For 22 long years, these duo has walked noiselessly on dove’s feet pushing the frontiers of new thinking, new knowledge. And they do so by helping others bring their intellectual wares to the public square. They do so by stowing away in the backgrounds. What self-sacrificing humility!

And yours truly, costs was their guest at a book reading. It was so well put together that it would be the understatement of the year to say that it went off famously. Faced with an overflowing audience, I was lost for words. But even more interesting was that “strangers,” book lovers like Kehinde Olafiranye, flew in from Port Harcourt, just to jam ideas with us. And Tade Ipadeola, award-winning poet and barrister, who is Ibadan-based, dared the terrible traffic to share moments in bookish raptures. He is threatening to invite me to give speeches at that great university town.

And the Lagos home team wouldn’t want to be disgraced on their own turf. Led by one of the greatest men of our time, a philanthropist without compare, a business mogul, when such epithets had meaning, scholar, publisher and thinker, Odunu eje Ogu of Abor, Alhaji Abdullazzi Ude, was there for us. So also was the firebrand polemicist and former personal secretary to Chief Obafemi Awolowo, Odia Ofeimum. How dare I miss out on the head of my family meeting in Lagos? Okezie Ndubuisi came with his lovely wife, as did Fidel Anujuo, entrepreneur par excellence. And Mrs. Ada Akapbio came both in her capacity and as a representative of her husband who was in faraway, in one of the South-South states. Of course Ogbueshi Charles Ike-Okoh, publisher and scholar, flattered us with his presence. And don’t discount the power of Facebook. A good number came via our social media contacts. International book personality, Olatoun Williams, was there, so also were the Orjiakor brothers. And my cousin and ace banker, Ugo Motto, alongside Barrister Mike Allison-Ikwuagwu, brought their traditional gaiety to the business of a bookish day. Of course, there is no way we can do justice listing all the names. All that came or couldn’t were just as important and we thank them.
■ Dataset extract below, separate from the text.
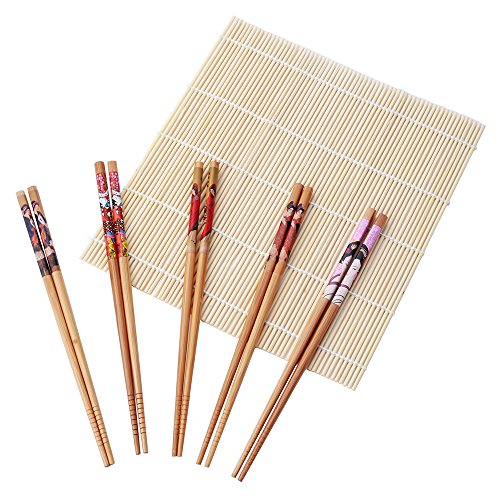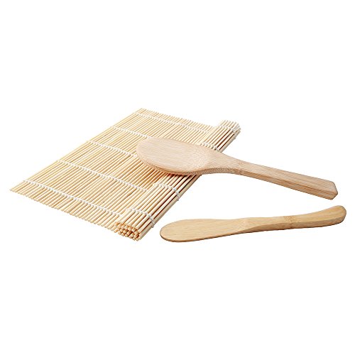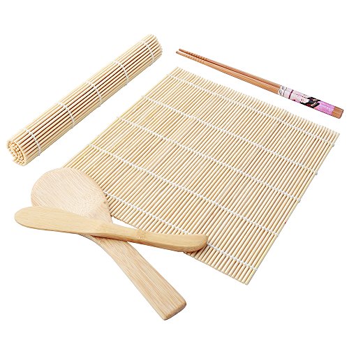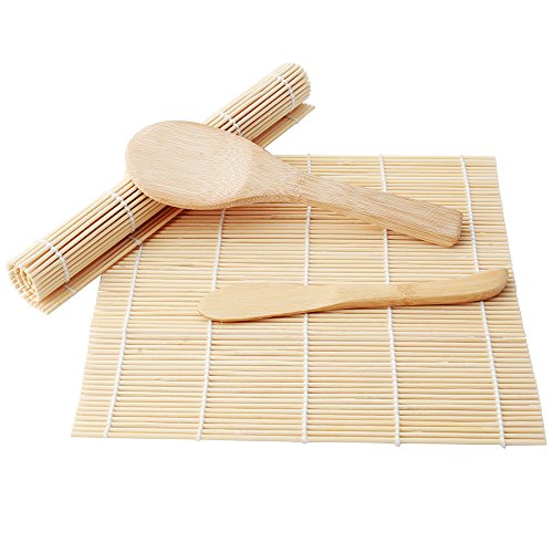 Studio : Haoren Publisher : Haoren Product Description This set of sushi making tool is made of natural bamboo, not only includes sushi maker's basic tools but also contain 5 pairs twisted chopsticks which can show you the ancient Chinese beauty. Bamboo is ideal material to delivering rice to a place and spreading it evenly without it sticking or clumping. NOTE These products is made of bamboo, normally, different set could have some color or grain differences. It is safe for use as long as there is no splits and perforations. Cleaning: Thoroughly clean and scrub it with mild soap and water, then dry thoroughly. Dishwasher isn't recommended. Maintain: Rubbing occasionally with food-safe oil to maintain product. Dry thoroughly otherwise it will grow mold. Keep away from heat. Package Included: 2 x Sushi Rolling Mats 5 x Chopsticks(pair) 1x Rice Spreader 1 x Rice Paddle 0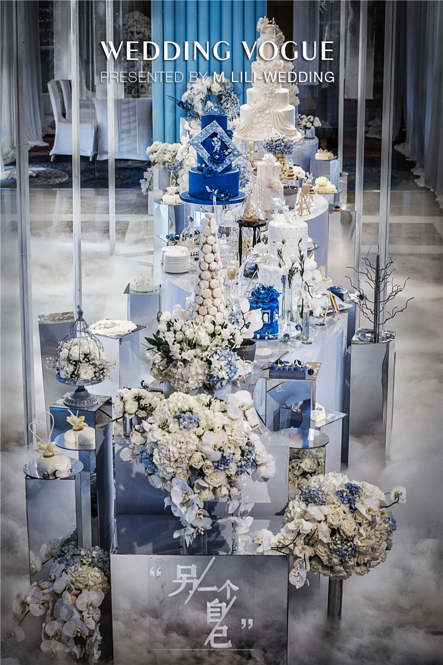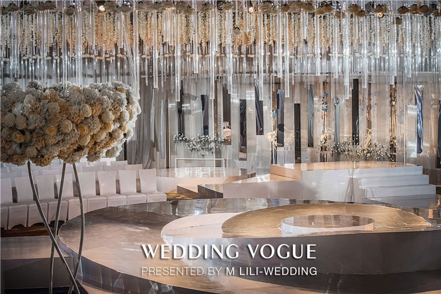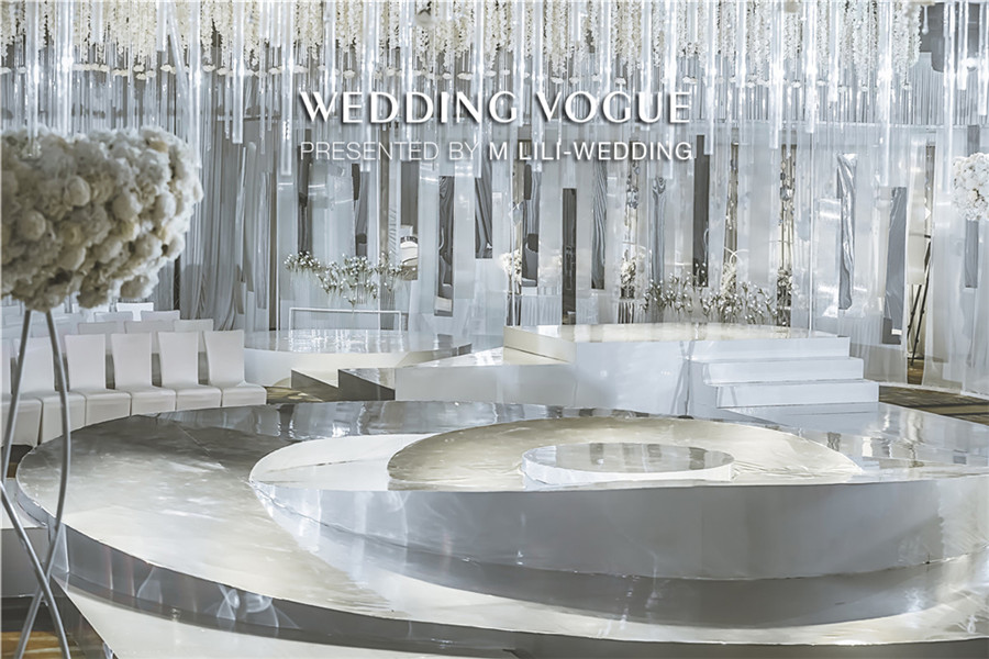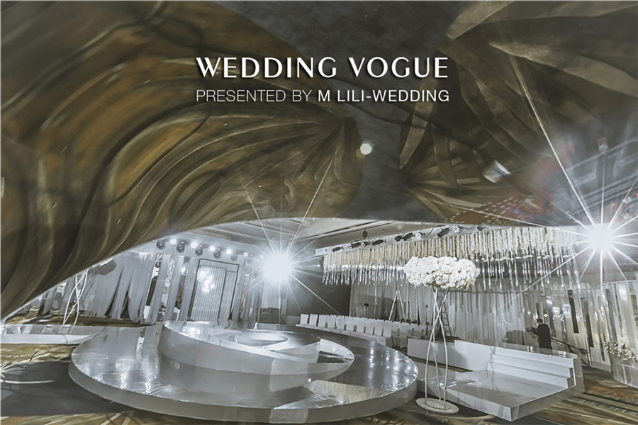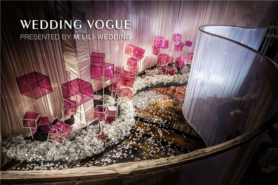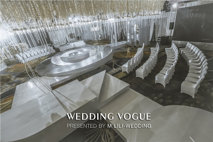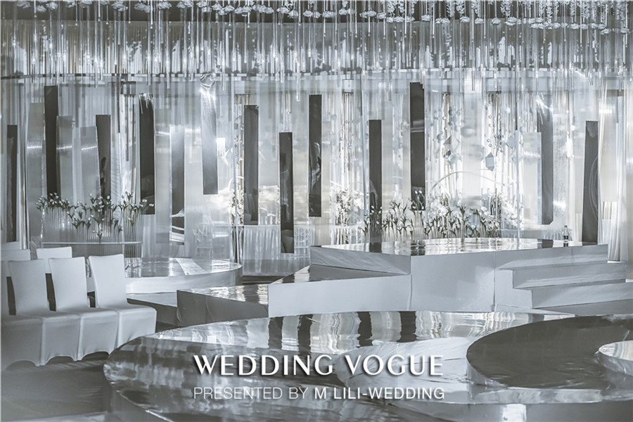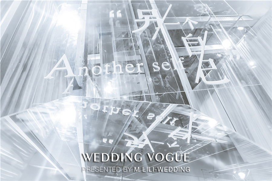 在空间设计上,MLILI婚礼策划采用空间上的对称美,把宴会厅的主题划分为上与下,左与右,前与后,仿若映照出“另一个自己”。

And now the meat of the show. It was one book reading like no other. With professors, diplomats, Nollywood veterans, lawyers, etc, in the faculty, we bubbled like the storms, intellectual storms. And the ride was so famously successful that many were asking for repeat sessions. That must be left to the generosity of CORA. It cost a kobo and more to fix these things. And these CORA guys have sacrificially done it for the good of Nigerian books and ideas ecosystem. I call on the rich and mighty to give them whatever helping hand, financially or otherwise, that they can give.

A nation without a vibrant books and ideas industry and community is like a beached whale. It will soon lose breath and perish. So, all CORA is doing is to make sure that the Nigerian bookish whale is forever in the bluest of oceans. They need our help.

Here is the point of it all. In the end Okonkwo threw the Agbalinze the cat. Everybody, ok, nearly everybody, went home buying into our new idea. That was the real beauty. Nigeria is richer for it. Fidel Anujuo, perhaps, puts it better. In his words, “many thanks [Jimanze] for… disruptive thinking through your works… that can provide solutions to our myriad of challenges in governance.”